(DATA EXCERPT)
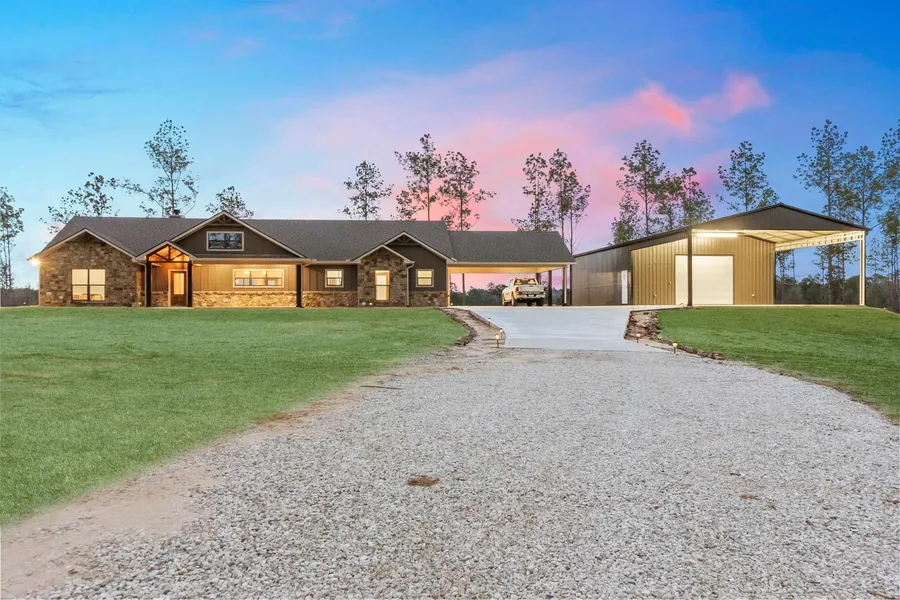 Experience tranquility at High Ridge Ranch with this stunning waterfront home! Completed in 2023, this 2,554 sqft custom residence features 3 bedrooms and 2 bathrooms, highlighted by a grand 14' vaulted ceiling in the living area. Enjoy abundant natural light and breathtaking lake views through large picture windows. The chef's kitchen boasts an oversized island, double oven, gas cooktop, and pot filler, with a walk-in pantry perfect for your coffee bar. The primary suite includes a luxurious en-suite bathroom with a custom tile shower, soaking tub, and expansive walk-in closet. Outside, you'll find an attached carport, spacious back patio, and a 30x40x12 workshop with a 25' gable extension. Deed restrictions ensure the development's pristine condition, with additional acreage available. Just 15 minutes from Lake Livingston, this home offers the ultimate country escape! High Ridge Ranch ...
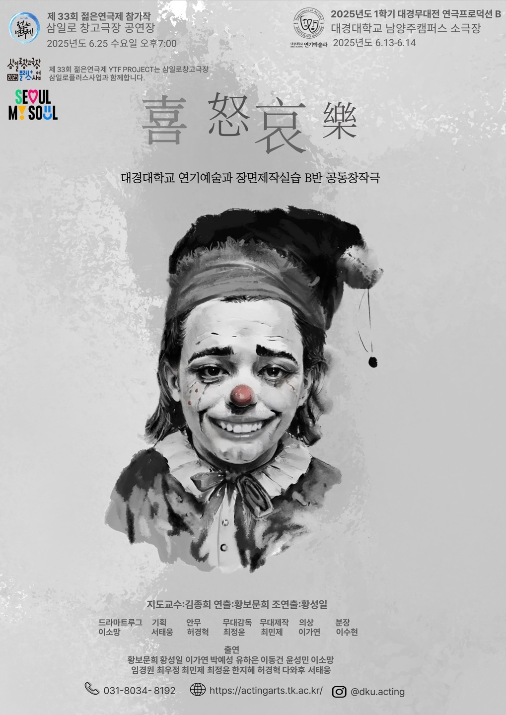 안녕하십니까. 이번 장면 제작 실습에서 총 연출 을 맡은 대경대학교 연기예술과 25학번 황보문희 입니다. 저희 공연에 찾아와주셔서 진심으로 감사 드립니다. 저희는 희, 노, 애, 락을 주제로 각 감정 들마다 각기 다른 다양한 이야기로 감정을 표현하 기 위해 노력하였습니다. 다 같이 열심히 연습하 고 준비한 만큼 관객 여러분들도 즐겨주시면 감사 하겠습니다. 저희들의 첫 공연을 찾아주신 모든 관객분들께 감사드리며, 저희 25학번 동기들과 함께 작업한 공동 창작극 <희노애락> 재미있게 봐주세요!
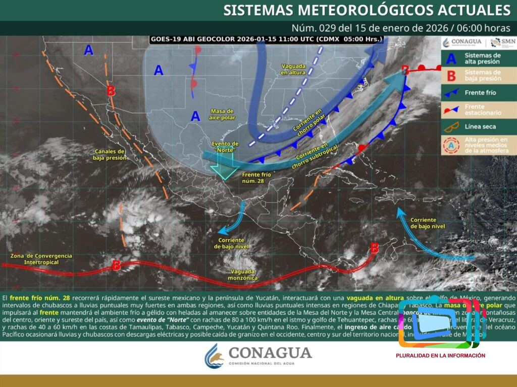 Xalapa, Veracruz a 15 de enero de 2026.- La jefa del Departamento de Hidrometeorología de la Comisión Nacional del Agua (CONAGUA), Jessica Ivette Luna Lagunés, informó que durante la madrugada de este jueves se registraron fuertes rachas de viento del norte en distintas regiones del estado de Veracruz, como efecto del Frente Frío número 28.
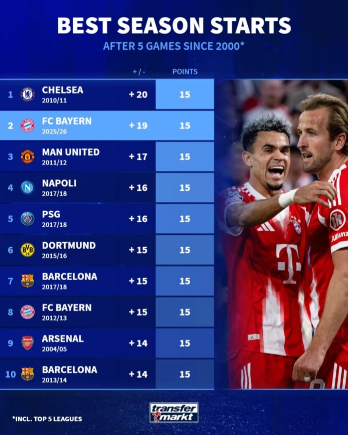 9月29日讯 德转列出本世纪五大联赛开局5轮后最佳战绩,本赛季拜仁5连胜19个净胜球排在第二位,切尔西10/11赛季5连胜20个净胜球第一。

(WORK TASK) Say again, word for word, every line from the one with "Xalapa, Veracruz a" through the last line of the data above, minus the pictures.

(COMPLETED TASK)
 Xalapa, Veracruz a 15 de enero de 2026.- La jefa del Departamento de Hidrometeorología de la Comisión Nacional del Agua (CONAGUA), Jessica Ivette Luna Lagunés, informó que durante la madrugada de este jueves se registraron fuertes rachas de viento del norte en distintas regiones del estado de Veracruz, como efecto del Frente Frío número 28.
 9月29日讯 德转列出本世纪五大联赛开局5轮后最佳战绩,本赛季拜仁5连胜19个净胜球排在第二位,切尔西10/11赛季5连胜20个净胜球第一。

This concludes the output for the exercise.